What the task asks — For this exercise, repeat the whole listing below exactly. Leave the pictures out.

Data shown —
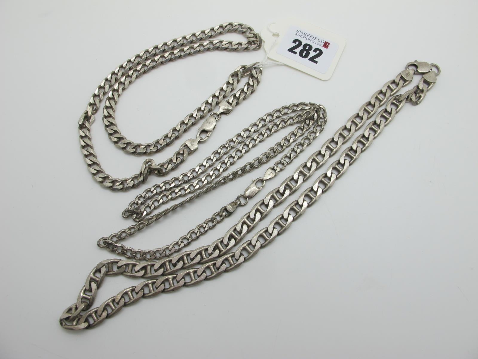Solid Fancy and Curb Link Chains, stamped "925" (3)
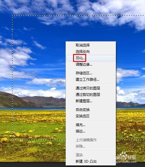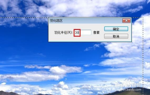 第四步:在选区中单击鼠标右键选择“成仙”,成仙半径设置为30。
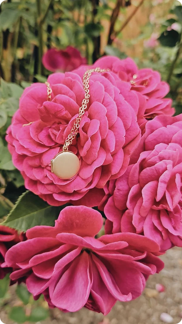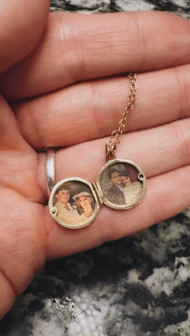 This is the first and only locket where your pictures become part of the metal itself. We developed our own handmade process where the solid gold or silver metal actually shines through your photos, making it look like the heirloom that it is. Holding your memories - permanent, protected, and always close.

Answer to this problem —
Solid Fancy and Curb Link Chains, stamped "925" (3)
 第四步:在选区中单击鼠标右键选择“成仙”,成仙半径设置为30。
 This is the first and only locket where your pictures become part of the metal itself. We developed our own handmade process where the solid gold or silver metal actually shines through your photos, making it look like the heirloom that it is. Holding your memories - permanent, protected, and always close.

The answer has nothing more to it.